**Task to carry out**. Find the line that contains "この記事では、私の保有銘柄の"; then retype it and each line after it, exactly, through the final line of the data below.
── Extracted entries
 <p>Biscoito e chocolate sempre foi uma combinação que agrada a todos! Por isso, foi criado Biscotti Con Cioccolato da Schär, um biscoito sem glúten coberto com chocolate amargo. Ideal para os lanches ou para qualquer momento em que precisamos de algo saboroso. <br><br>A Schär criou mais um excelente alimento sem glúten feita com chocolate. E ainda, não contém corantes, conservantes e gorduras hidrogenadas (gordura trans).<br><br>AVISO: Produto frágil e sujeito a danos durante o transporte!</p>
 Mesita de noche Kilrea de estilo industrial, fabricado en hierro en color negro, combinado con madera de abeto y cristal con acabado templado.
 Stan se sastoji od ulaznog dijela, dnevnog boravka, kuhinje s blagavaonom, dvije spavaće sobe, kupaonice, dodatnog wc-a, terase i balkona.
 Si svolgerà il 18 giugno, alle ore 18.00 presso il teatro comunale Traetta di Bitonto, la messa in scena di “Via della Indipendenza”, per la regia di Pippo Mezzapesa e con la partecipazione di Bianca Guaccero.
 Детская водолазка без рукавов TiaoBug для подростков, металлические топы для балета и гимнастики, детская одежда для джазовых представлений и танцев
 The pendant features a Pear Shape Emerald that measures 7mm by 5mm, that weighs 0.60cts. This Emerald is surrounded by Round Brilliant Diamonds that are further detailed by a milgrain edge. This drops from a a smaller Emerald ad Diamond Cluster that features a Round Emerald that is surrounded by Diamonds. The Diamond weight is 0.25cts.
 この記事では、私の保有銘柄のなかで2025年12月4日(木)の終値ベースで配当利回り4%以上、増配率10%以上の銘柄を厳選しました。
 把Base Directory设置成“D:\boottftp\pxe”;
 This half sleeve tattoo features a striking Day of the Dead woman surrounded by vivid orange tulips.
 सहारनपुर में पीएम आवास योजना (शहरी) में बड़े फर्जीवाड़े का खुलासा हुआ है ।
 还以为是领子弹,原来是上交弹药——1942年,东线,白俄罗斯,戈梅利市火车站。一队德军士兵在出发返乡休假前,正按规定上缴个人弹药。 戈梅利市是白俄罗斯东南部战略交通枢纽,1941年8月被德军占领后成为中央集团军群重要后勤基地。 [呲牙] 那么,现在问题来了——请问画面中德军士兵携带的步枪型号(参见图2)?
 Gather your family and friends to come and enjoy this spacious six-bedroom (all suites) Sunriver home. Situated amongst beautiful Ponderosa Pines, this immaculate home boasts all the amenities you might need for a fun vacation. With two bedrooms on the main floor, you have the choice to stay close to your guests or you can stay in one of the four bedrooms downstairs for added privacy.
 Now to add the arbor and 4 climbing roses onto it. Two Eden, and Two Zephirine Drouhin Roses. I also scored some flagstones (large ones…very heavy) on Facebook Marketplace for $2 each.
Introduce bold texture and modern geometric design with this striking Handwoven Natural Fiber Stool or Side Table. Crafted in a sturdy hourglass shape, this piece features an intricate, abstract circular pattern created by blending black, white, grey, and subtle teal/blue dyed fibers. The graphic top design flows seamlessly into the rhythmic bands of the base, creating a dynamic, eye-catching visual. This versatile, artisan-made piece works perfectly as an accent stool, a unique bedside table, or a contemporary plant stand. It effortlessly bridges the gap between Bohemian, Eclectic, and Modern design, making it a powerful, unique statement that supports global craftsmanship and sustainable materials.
────
**Written response**.
 この記事では、私の保有銘柄のなかで2025年12月4日(木)の終値ベースで配当利回り4%以上、増配率10%以上の銘柄を厳選しました。
 把Base Directory设置成“D:\boottftp\pxe”;
 This half sleeve tattoo features a striking Day of the Dead woman surrounded by vivid orange tulips.
 सहारनपुर में पीएम आवास योजना (शहरी) में बड़े फर्जीवाड़े का खुलासा हुआ है ।
 还以为是领子弹,原来是上交弹药——1942年,东线,白俄罗斯,戈梅利市火车站。一队德军士兵在出发返乡休假前,正按规定上缴个人弹药。 戈梅利市是白俄罗斯东南部战略交通枢纽,1941年8月被德军占领后成为中央集团军群重要后勤基地。 [呲牙] 那么,现在问题来了——请问画面中德军士兵携带的步枪型号(参见图2)?
 Gather your family and friends to come and enjoy this spacious six-bedroom (all suites) Sunriver home. Situated amongst beautiful Ponderosa Pines, this immaculate home boasts all the amenities you might need for a fun vacation. With two bedrooms on the main floor, you have the choice to stay close to your guests or you can stay in one of the four bedrooms downstairs for added privacy.
 Now to add the arbor and 4 climbing roses onto it. Two Eden, and Two Zephirine Drouhin Roses. I also scored some flagstones (large ones…very heavy) on Facebook Marketplace for $2 each.
Introduce bold texture and modern geometric design with this striking Handwoven Natural Fiber Stool or Side Table. Crafted in a sturdy hourglass shape, this piece features an intricate, abstract circular pattern created by blending black, white, grey, and subtle teal/blue dyed fibers. The graphic top design flows seamlessly into the rhythmic bands of the base, creating a dynamic, eye-catching visual. This versatile, artisan-made piece works perfectly as an accent stool, a unique bedside table, or a contemporary plant stand. It effortlessly bridges the gap between Bohemian, Eclectic, and Modern design, making it a powerful, unique statement that supports global craftsmanship and sustainable materials.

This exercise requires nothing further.